The Flaw: In a real room, objects are tilted, rotated, and sitting on floors. If you give these old models a real-world chair that's leaning sideways, they get confused. They also don't know about the rest of the room. They might try to "grow" the missing part of the chair through a wall or inside another table because they don't understand the rules of the room.

2. The Solution: The "Architect with a Blueprint"

The authors (Wesley Khademi and Li Fuxin) built a new system that acts like a skilled architect who can look at a half-built house and finish it, even if the house is tilted or surrounded by other buildings.

They did this with three main tricks:

A. The "Center-First" Strategy (No More Magic Boxes)

Instead of trying to guess the whole shape at once, the AI first asks: "Where is the center of this object?"

Analogy: Imagine trying to draw a perfect circle. It's hard if you don't know where the center is. But if you pin a piece of paper at the center, drawing the circle becomes easy.
How it works: The AI predicts the center of the object first, then builds the rest of the shape as "offsets" (distances) from that center. This allows it to handle objects in any position or size without getting confused.

B. The "Ghost Walls" (Scene Constraints)

This is the paper's biggest innovation. The AI doesn't just look at the object; it looks at the whole room.

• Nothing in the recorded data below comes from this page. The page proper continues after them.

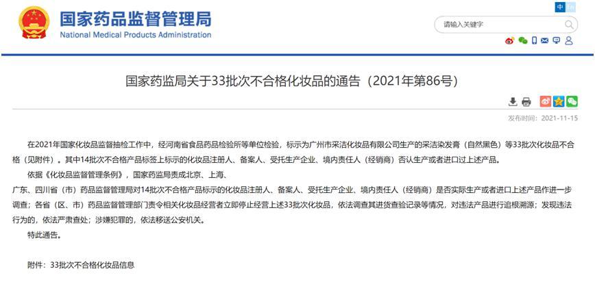 (人民日報健康客戶端 邱越)11月15日,藥監(jiān)局發(fā)布關(guān)于33批次不合格化妝品的通告(2021年第86號)。通告稱,經(jīng)河南省食品藥品檢驗所等單位檢驗,標(biāo)示為廣州市采潔化妝品有限公司生產(chǎn)的采潔染發(fā)膏(自然黑色)等33批次化妝品不合格,涉及紐西之謎、資生堂等品牌。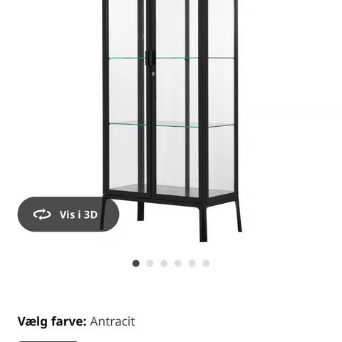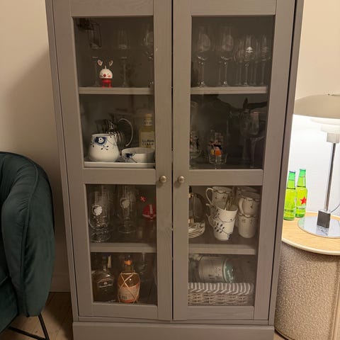 IKEA Linnarp vitrineskab med flere hylder og glaslåger, der giver mulighed for opbevaring og visning af genstande. Skabet har mindre brugsspor og alle hylderne har fået boret et hul i inderste hjørne pga. tidligere monteret belysning (se billeder)
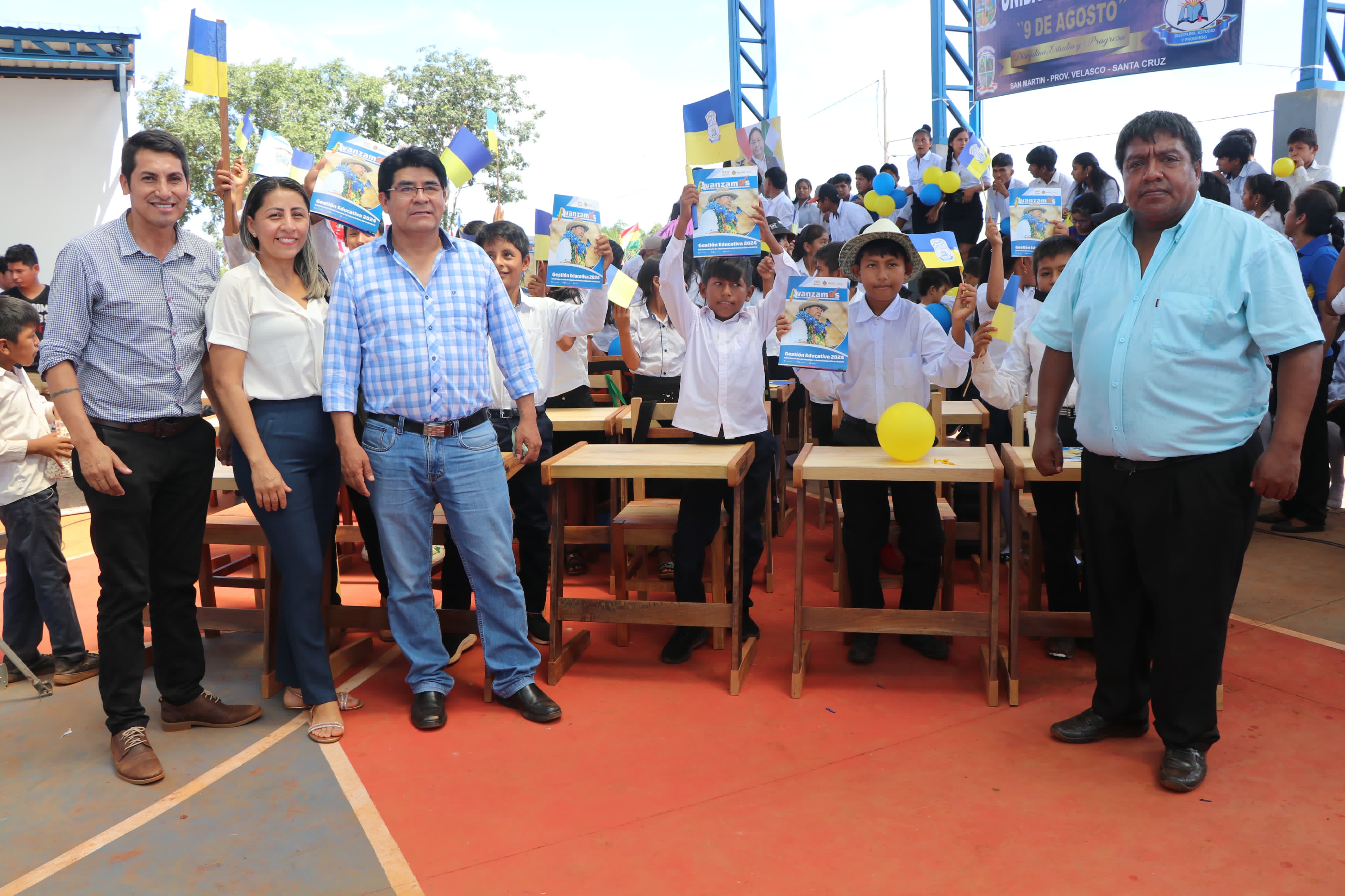 Santa Cruz, 11 de marzo de 2024 (Unicom – Minedu).- El presidente Luis Alberto Arce Catacora – en compañía del ministro de Educación, Omar Veliz Ramos – realizó la entrega de la Unidad Educativa “9 de Agosto”, ubicada en el cantón Santa Rosa de la Roca, localidad San Martín del municipio San Ignacio de Velasco, departamento de Santa Cruz.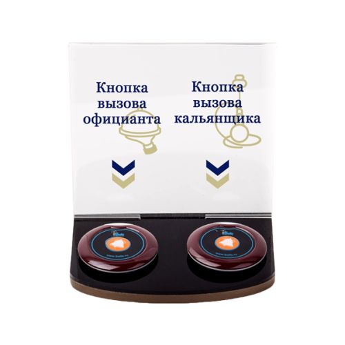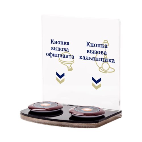 Разместив две кнопки, у гостей появится возможность вызвать разных сотрудников: официанта и кальянщика. На вставке-холдере можно разместить любую рекламную информацию.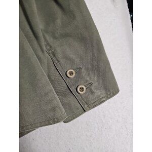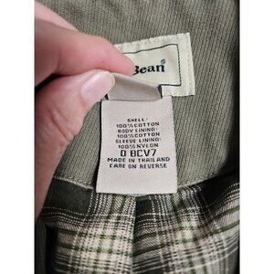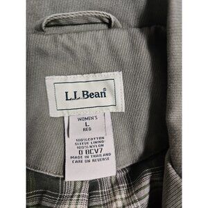 The LL Bean Outdoor Women's Lined Blazer Jacket in size L features a classic double-breast design with three buttons, making it a stylish and functional outerwear option. Crafted from durable cotton, this green jacket offers a versatile and timeless style for women. The jacket has a regular fit and is designed to provide both comfort and warmth, making it a practical choice for outdoor adventures or everyday wear. With its quality construction and traditional design, this blazer jacket from LL Bean is a must-have addition to any woman's wardrobe.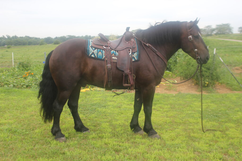 Jimbo is a grade, 4 year old, approx 16.2 HH Percheron gelding that is black with a star with a long tail. He is traffic broke to ride and drive-single/double and on either side. He is broke to all farm machinery. He has been on the trails, crosses water and logs. Jimbo has been in town and will go where you point him. He would make a good carriage horse. He is very quiet and gentle. FMI: 641-895-2223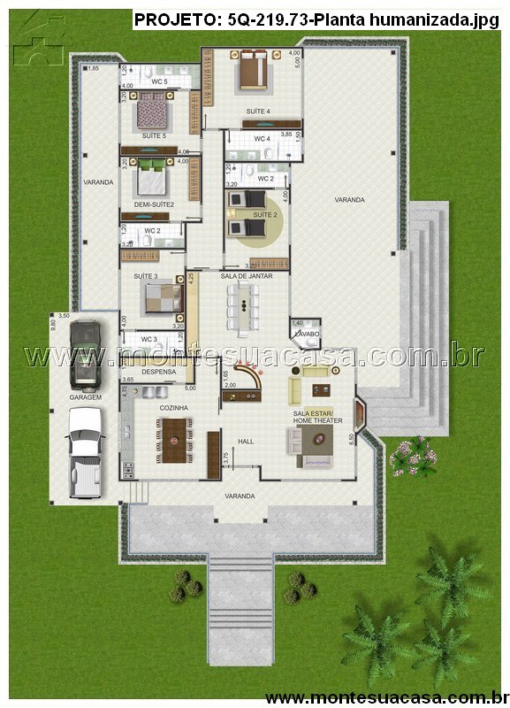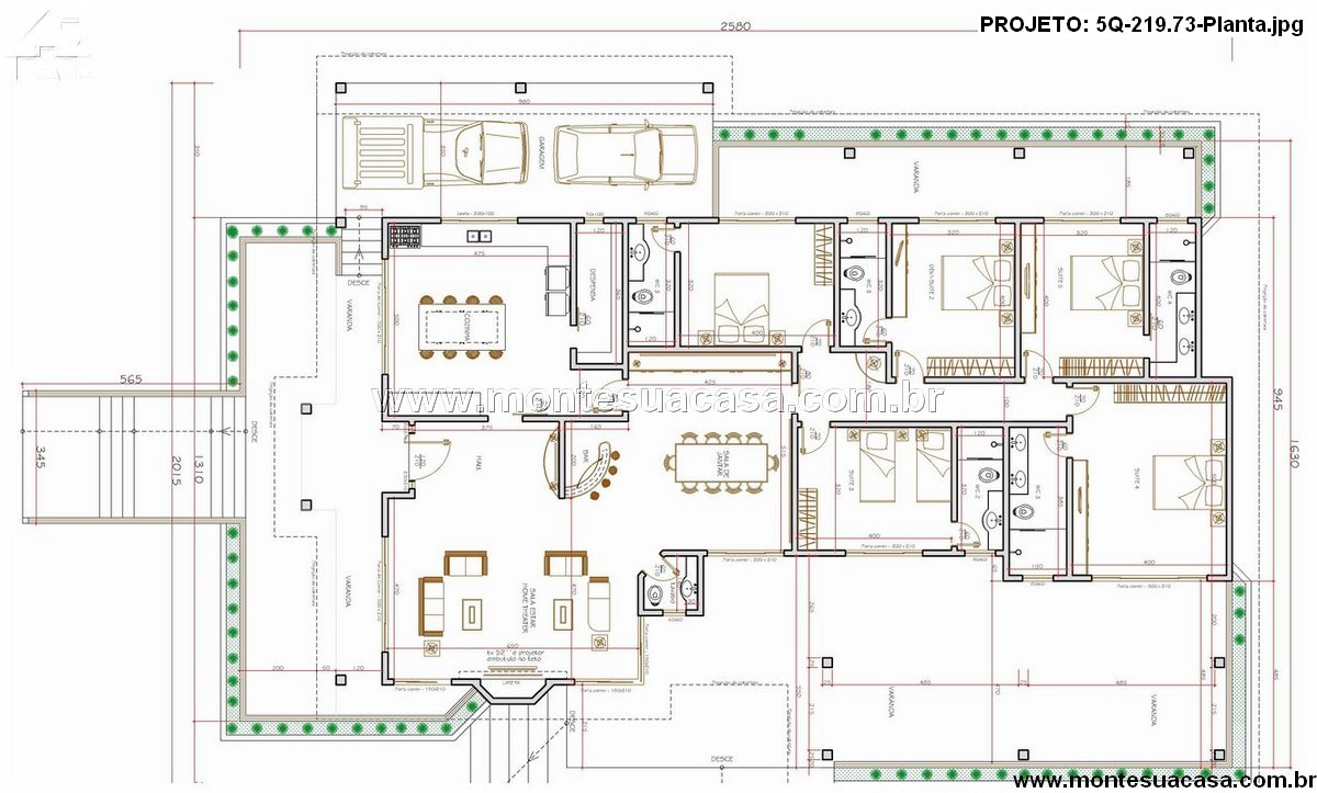 Este projeto residencial de 219.73m² apresenta uma planta meticulosamente planejada que combina luxo, funcionalidade e conforto. A distribuição dos ambientes foi pensada para oferecer privacidade e conveniência, tornando esta residência ideal para famílias que buscam um espaço amplo e bem distribuído. Com um total de oito suítes, a casa oferece versatilidade para hospedagem e acomodação, garantindo conforto para todos os residentes.

Analogy: Imagine you are sculpting clay in a room full of other sculptures. You wouldn't push your clay into someone else's sculpture, right? You need to know where the "free space" is and where the "occupied space" is.
How it works: The AI creates a sparse map of "Ghost Walls." It marks areas where it knows there is empty air (free space) and areas where it knows there is another object (occluded space). When it fills in the missing parts of the chair, it checks these ghost walls to make sure the new chair legs don't grow through the table or into the wall.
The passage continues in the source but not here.